И ударил в бока лошади, поранив стременем лицо десятнику. Тот, радостно улыбаясь, отёр кровь и гортанным выкриком отменил бойню.
«…или — рука Бога?» Эта мысль ввела каана в ещё большее смятение. Он понял, что так лучше. И прекратил свою непонятную забаву.
Каан высморкался в рукав. Ему всё опостылело, он решил повернуть в лагерь, где в чёрной юрте его дожидались две молоденькие кипчакские принцессы. Нельзя сказать, что малышки трепетали от нетерпения встретиться с ним, но если судить по тому, с какой обречённой покорностью снесли они довольно-таки унизительный осмотр сегодня днем, они смирились со своей участью. В конце концов, их чувства мало волновали старого вождя, а вот юность вкупе с невинностью, напротив, бодрила и распаляла желание.
Он уже взял поводья, когда внимание его привлёк многочисленный и пёстрый люд, содержавшийся на некотором удалении и имевший вид необычный и странный для такого страшного места. Здесь были карлики и всевозможные иные уродцы, старики в высоких колпаках и плащах из шёлка, одетые в шаровары толстяки с висящими животами, раскрашенные атлеты, множество закутанных в разноцветные ткани женщин, мальчики с подведёнными красной охрой глазами, старцы, безуспешно пытавшиеся сохранить величественную осанку, полуголые нумибийцы с опахалами в руках, люди в масках зверей. Кого тут только не было! Все были напуганы, жались друг к другу, как овцы в загоне, а некоторые лежали на земле в глубоком обмороке, и никто не пробовал привести их в чувство.
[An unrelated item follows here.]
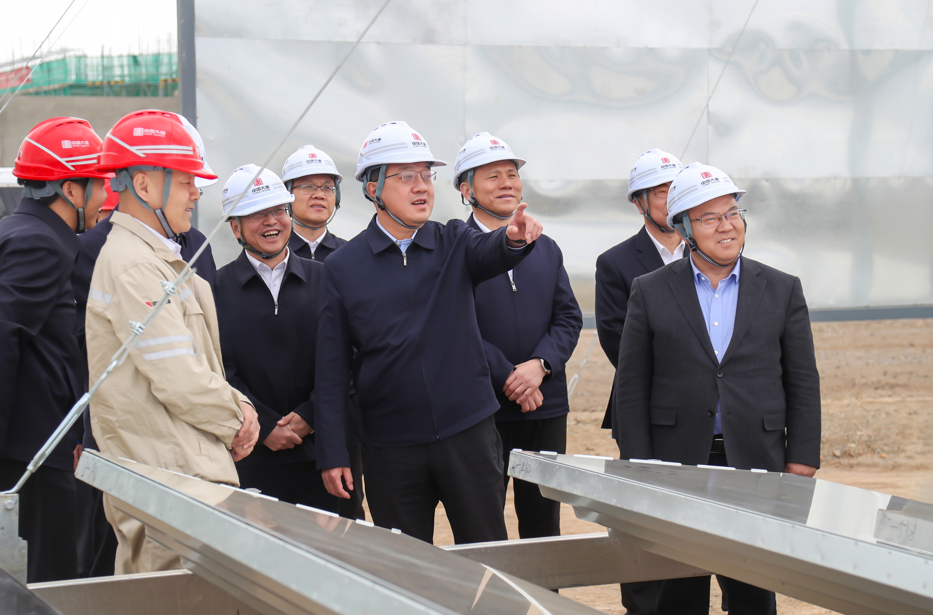 呂軍一行先后來到石城子一體化項(xiàng)目光熱施工現(xiàn)場(chǎng)、集熱鏡場(chǎng)區(qū)以及集熱鏡場(chǎng)關(guān)鍵件組裝車間,實(shí)地察看項(xiàng)目進(jìn)展,聽取相關(guān)工作匯報(bào),詳細(xì)了解一體化項(xiàng)目工程進(jìn)度、科技創(chuàng)新等情況。呂軍指出,石城子“光熱+光伏”項(xiàng)目是集團(tuán)公司首個(gè)百萬千瓦“光伏+光熱”一體化清潔能源示范項(xiàng)目,對(duì)于集團(tuán)公司進(jìn)一步推動(dòng)綠色低碳轉(zhuǎn)型、大力發(fā)展新興產(chǎn)業(yè)新業(yè)態(tài)項(xiàng)目作出了示范。

Кое-кто беззвучно молился, закрыв глаза и подняв ладони кверху.
Каан нахмурил брови и даже перегнулся через луку, чтобы лучше разглядеть занятное сборище.
— Кто это? — спросил он у толмача.
— Это… это в основном из султанского дворца. Челядь, — торопливо пояснил толмач, с тоской взирая на ошмётки придворной роскоши, о которой знал не понаслышке, так как служил при дворе хранителем рукописей. — И ещё… из других дворцов… челядь знатных людей…
— Знатных, говоришь? — Каан облокотился на луку и вынул плеть из-за голенища. — Вот эти, старые, кто они?
— Это мудрецы.
— Что они делают?
— Они… думают, великий господин. Размышляют. Им…
— Так. А тот?
— Это звездочёт. Он наблюдает за небом. Считает звёзды.
— Не его ума дело наблюдать за небом. Довольно того, что небо наблюдает за ним. Вон те, безбородые?
— Придворные поэты. Сочиняют стихи.
— И всё?
— Всё… Ещё есть музыканты. Играют на флейтах, дуторах…
— Хм… — Лицо старика напряглось, окостенело. — Женщины из гарема, конечно. А эти жирные огузки?
— Евнухи, повелитель. Они ухаживают за жёнами султана и вообще… знатных людей.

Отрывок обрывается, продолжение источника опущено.